PAS-positive histiocytes with diastase-resistant granulated cytoplasm diagnosis for WD (Fig. 5) and positive PCR for the 16S rRNA gene of T. whipplei. Microscopy of an extirpated paraaortic lymph node was consistent with WD. Other PCR analyses for the 16S rRNA gene of T. whipplei were positive in serum but negative in cerebrospinal fluid (CSF). Transthoracic echocardiography (TTE) showed no signs of endocarditis or other abnormalities. Between 20% and 40% of people with Tropheryma whipplei infection have neurological problems. If Whipple`s disease affects the nervous system, you may have: Diagnosis is made by biopsy, usually by duodenal endoscopy, which shows PAS-positive macrophages in the lamina propria that contain non-acidic gram-positive bacilli. [5] [a] Immunohistochemical staining for antibodies against T. Whipplei has been used to detect the organism in a variety of tissues, and a polymerase chain reaction test is also available,[5] which can be confirmed when performed on blood, vitreous fluid, synovial fluid, heart valves or cerebrospinal fluid.

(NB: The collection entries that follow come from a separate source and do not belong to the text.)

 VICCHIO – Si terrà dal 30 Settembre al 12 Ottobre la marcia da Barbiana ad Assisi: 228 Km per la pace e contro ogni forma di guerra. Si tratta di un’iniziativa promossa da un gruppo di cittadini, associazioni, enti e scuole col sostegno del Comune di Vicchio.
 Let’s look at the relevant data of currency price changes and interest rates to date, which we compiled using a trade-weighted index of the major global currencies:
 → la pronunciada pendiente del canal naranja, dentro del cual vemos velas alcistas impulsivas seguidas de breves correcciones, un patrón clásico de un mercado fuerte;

[11] PCR of saliva, gastric or intestinal fluid, and stool samples is very sensitive, but not specific enough, suggesting that healthy individuals may harbor the causative bacteria even without the manifestation of Whipple`s disease, but that a negative PCR most likely indicates a healthy individual. [5] Diagnostic electron microscopy shows coccobacillary bodies representing the T-Whipplei organism. This is diagnostic because a polymerase chain reaction (PCR) positive for T-whipplei is present in the affected tissue. [7, 8, 9] Marth T. Systematic review: Whipple`s disease (Tropheryma whipplei infection) and its unmasking by tumour necrosis factor inhibitors. Food Pharmacol Ther. 2015;41(8):709–24. T. whipplei culture is time-consuming, possibly false negative, and is therefore not used in clinical routine. In addition, serology is not useful for diagnosis, as patients with WD and up to 70% of healthy individuals may develop a humoral immune response specific to T. whipplei [24].

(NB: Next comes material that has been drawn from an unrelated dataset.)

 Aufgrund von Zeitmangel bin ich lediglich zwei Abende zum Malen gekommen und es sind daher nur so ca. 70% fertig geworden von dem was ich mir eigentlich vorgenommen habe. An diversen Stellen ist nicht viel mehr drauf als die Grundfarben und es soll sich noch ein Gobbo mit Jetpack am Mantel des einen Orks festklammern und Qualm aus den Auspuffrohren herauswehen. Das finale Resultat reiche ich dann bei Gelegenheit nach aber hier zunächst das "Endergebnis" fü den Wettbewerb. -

The diagnosis of WD is therefore histopathological with the detection of PAS-positive inclusions in the histiocytes/macrophages of the lamina propria from biopsies of the mucosa of the small intestine, but also from other tissues such as synovial fluid, lymph nodes, cerebrospinal fluid and heart valves [14]. Direct visualization of live or dead bacteria is possible with electron microscopy [3, 25], but is not available in many centers and is rarely needed today when RNA16 tests are available. Treatment with anti-TNF inhibitors can reverse these “characteristic” histopathological findings [18], as seen in patient two, where a first upper endoscopy failed diagnosis, highlighting the importance of including PCR tests on bioptic material in all cases of suspected WD.